Friday, December 31, 2010

New Year's Revisions Blog Party! Rock on!

Happy New Year, everybody! We're officially in the next decade and 2011 is going to rock! I can feel it.

Okay, so revisions aren't traditionally fun, but who says it has to be that way?

This year, if you don't have a critique partner (or group), get a few. Find them here or here or here.

Write, revise and edit on your own, and then trade critiques with someone else who either writes or reads in your genre.

Revising will be a heck of a lot more fun when you have company.

Here are my goals for 2011:

1. Finish my current YA urban fantasy with sci-fi elements.

2. Reread it for cohesiveness and flow. Draw arrows and be open to big picture changes. Look for high emotional stakes, rising conflicts, and character arcs.

3. Make necessary changes. Let sit for a week or two while I critique for my CPs and cleanse my palate of my own work.

4. Reread again slowly for language problems, redundancies, weak word choice or purple prose.

5. Use the five senses test to see if my readers can see, hear, smell, touch, and taste the world in 3D the way I do. If not, add in the sensations.

6. One last line-edit for mechanics, spellings, etc.

7. Submit to beta-readers. Listen to all suggestions. Implement the ones that make sense.

8. Let the work sit for another few weeks. Reread again. Make any glaring changes. If none, start querying.

I figure this process will take me through March. I'm tempted to finish writing and send it off before the market gets swarmed with ideas too similar to mine (it's happened and it was tragic), but I know revision is a vital step. I'd rather risk similar books coming out than submit something less than my best.

The easiest part for me is the mechanical editing. I'm sure I miss things here or there, but mostly I'm pretty good at cleaning up my own writing. The hardest thing will be story structure and emotional stakes. Those are aspects I feel leave room for improvement. I think you'll agree they're pretty important! So it'll be worth the extra work to get my MS in shape before querying. I'll feel done when I can read through it without that nagging doubt that something's not quite right. When perfectionist-me can read over it and feel satisfied, then it will be done*.

*No book is ever done until it's printed, but for the sake of the querying stage, I'll be done.

New to the party?

Add your link and groove to the imaginary beat. Since it's all in your head, it can't be bad, right?

Revision is often touted by published authors, agents, and editors alike as the most important step in getting a book published. Incredible things can happen for us in 2011 if we make revision a priority rather than an afterthought. Enjoy your New Year!!

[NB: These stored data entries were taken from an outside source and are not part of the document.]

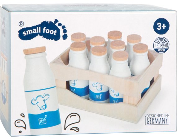Trækasse med ti mælkeflasker i træ til den lille købmandsbutik, eller til at servere lækker morgenmad i legekøkkenet. Flaskerne er malet hvide og har fine enkle illustrationer med en ko, så selv mindre børn kan se, hvad de indeholder!
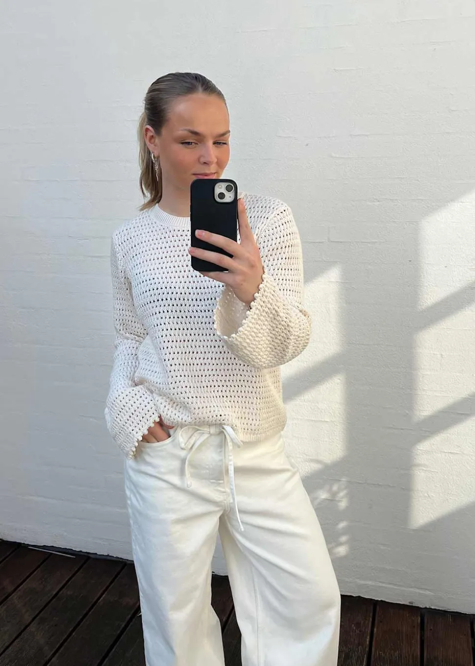 - Hæklet trøje med lange ærmer
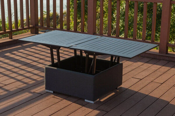 Mit dem Multitalent von OUTFLEXX® gehen Sie keine Kompromisse ein: Loungetisch oder Esstisch? Hier erhalten Sie beides in einem!
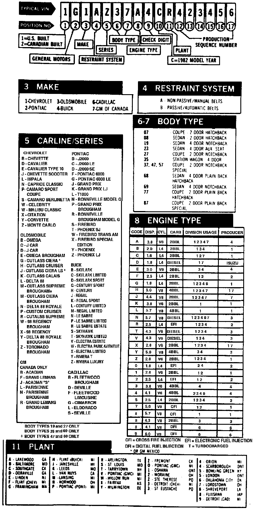 GM Automobile VIN Charts
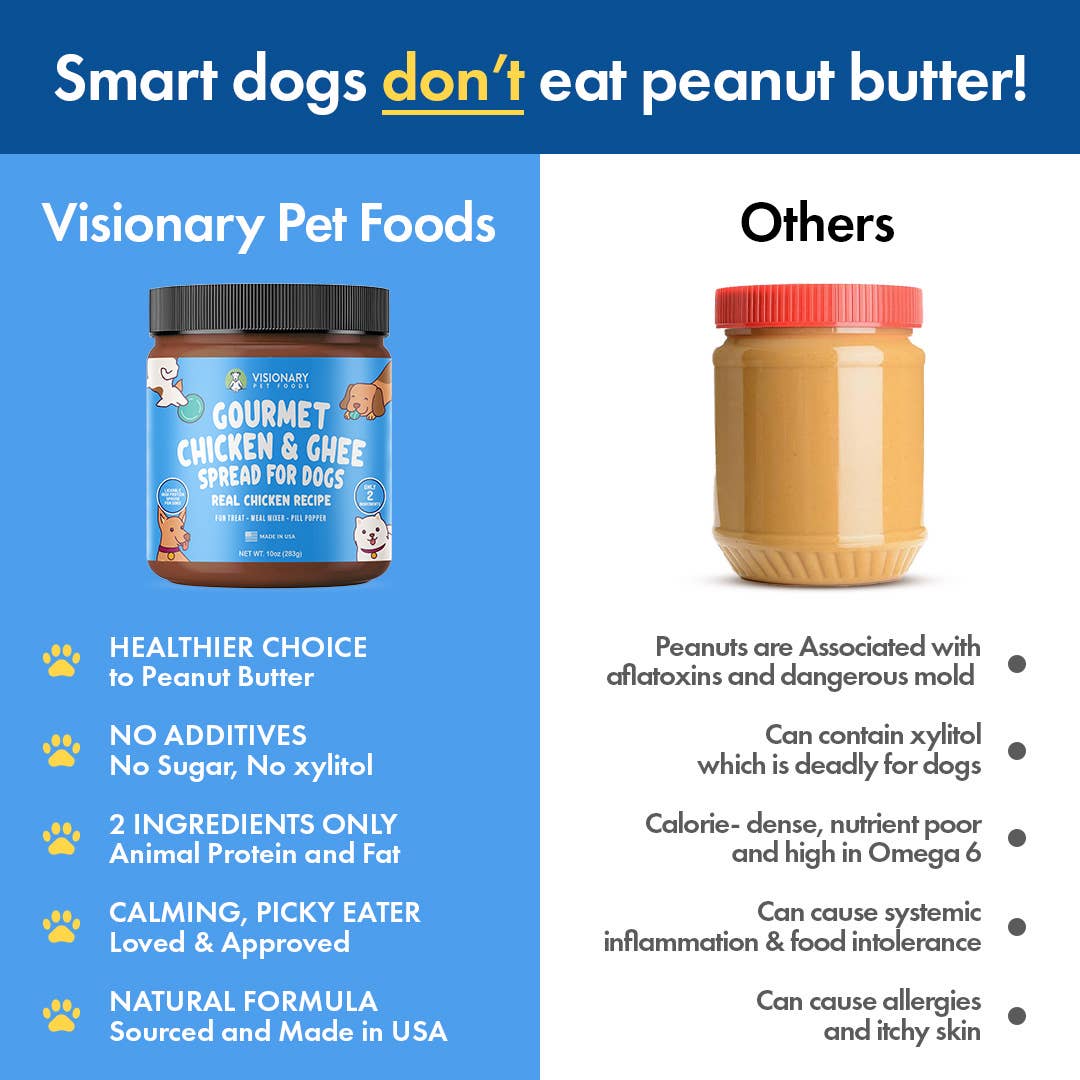 Chicken Meat Spread - A healthier choice than peanut butter Dog peanut butter can have several harmful components: Aflatoxins – These are naturally occurring toxins from mold found in peanuts. Even at low levels, they can be harmful over time. High Omega-6 Fatty Acids – Excessive omega-6s contribute to inflammation,...
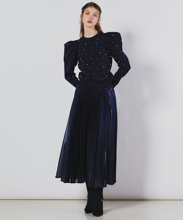 ネイビーのプルオーバーに、パールをたっぷりあしらったクラシカルで上品なトップス。女性らしい印象ながらも、パフスリーブでエッジを効かせました。コンパクトなフォルムで、パンツにもスカートにも合わせられるのが魅力的。プラスするだけで着こなしが華やかになる、大人かわいいアイテムです。

  1. Those are really great and detailed plans. I'm wishing you the best of luck on them! And if you ever need another eye, I'd be happy to read for you. :)

    Happy New Year, Katrina!

  2. Those are terrific goals - hope you achieve them and more.

    I love the slash and destroy part of revising - and hate fixing those darn plot holes!

  3. Thanks, Emy! You are so sweet to offer. When I get to the beta stage I will definitely shoot you a line to see if you're still up for it.

    Jemi, I'm with you. Darn plot holes are the WORST. If only we could write a flawless plot from point A to point B without any discrepancies! Maybe someday I'll get to that point of unconscious competence, but until then, critique partners are my saving grace.

    Happy New Year, you guys!

  4. Yay to your goals. Can't wait to see where this year takes us!

  5. Great list! Here's wishing you a productive and successful 2011!

  6. Thank you, Lindsay and Christy! It's going to be a great year in the kidlit community with friends like you!